Hazlett’s work concerns the legal institutions surrounding the radio spectrum.

Popular legend has it that before the Federal Radio Commission was established in 1927, the radio spectrum was in chaos, with broadcasting stations blasting powerful signals to drown out rivals. In this fascinating and entertaining history, Thomas Winslow Hazlett, a distinguished scholar in law and economics, debunks the idea that the U.S. government stepped in to impose necessary order. Instead, regulators blocked competition at the behest of incumbent interests and, for nearly a century, have suppressed innovation while quashing out-of-the-mainstream viewpoints.

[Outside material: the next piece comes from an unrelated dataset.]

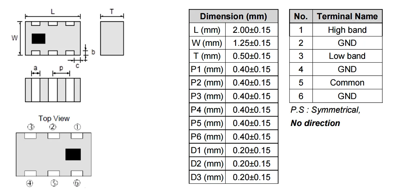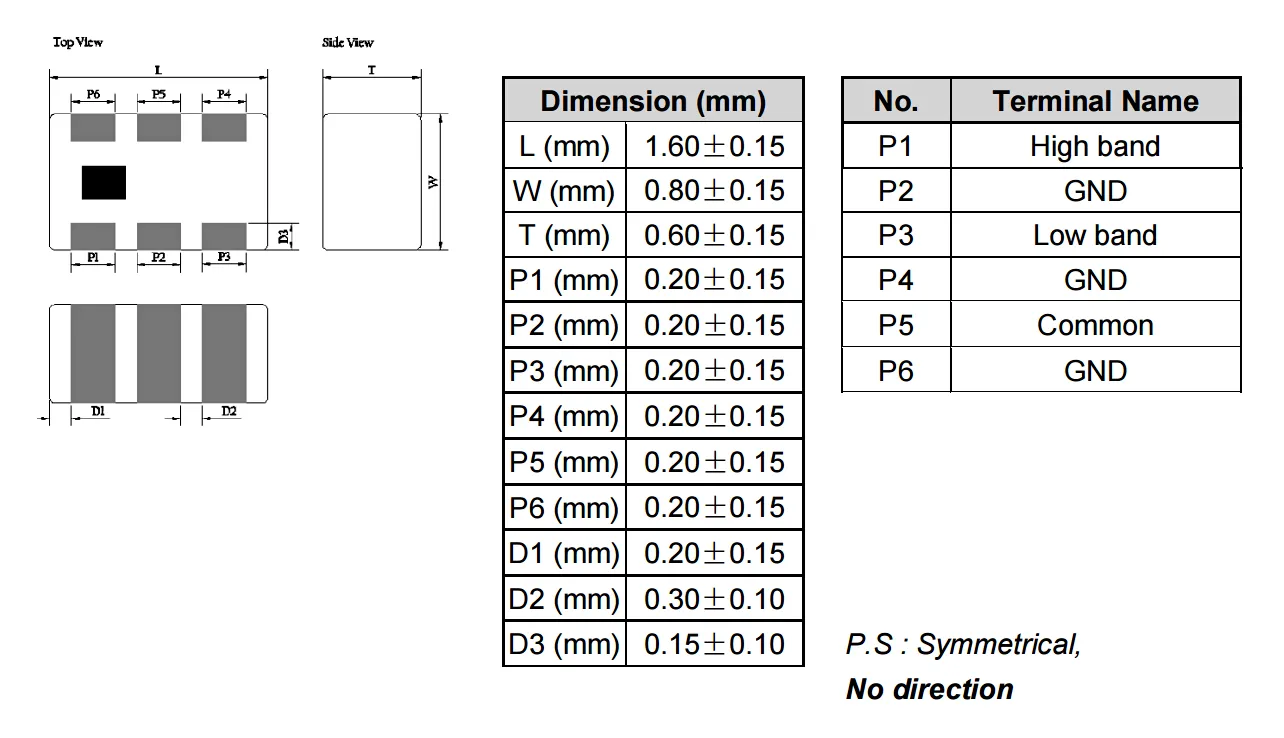 - 超小型サイズ:SMD-6Pパッケージ、わずか0.8 x 1.6mm、0603規格に適合し、PCBスペースを節約します。

Hazlett details how spectrum officials produced a “vast wasteland” that they publicly criticized but privately protected. The story twists and turns, as farsighted visionaries—and the march of science—rise to challenge the old regime. Over decades, reforms to liberate the radio spectrum have generated explosive progress, ushering in the “smartphone revolution,” ubiquitous social media, and the amazing wireless world now emerging. Still, the author argues, the battle is not even half won.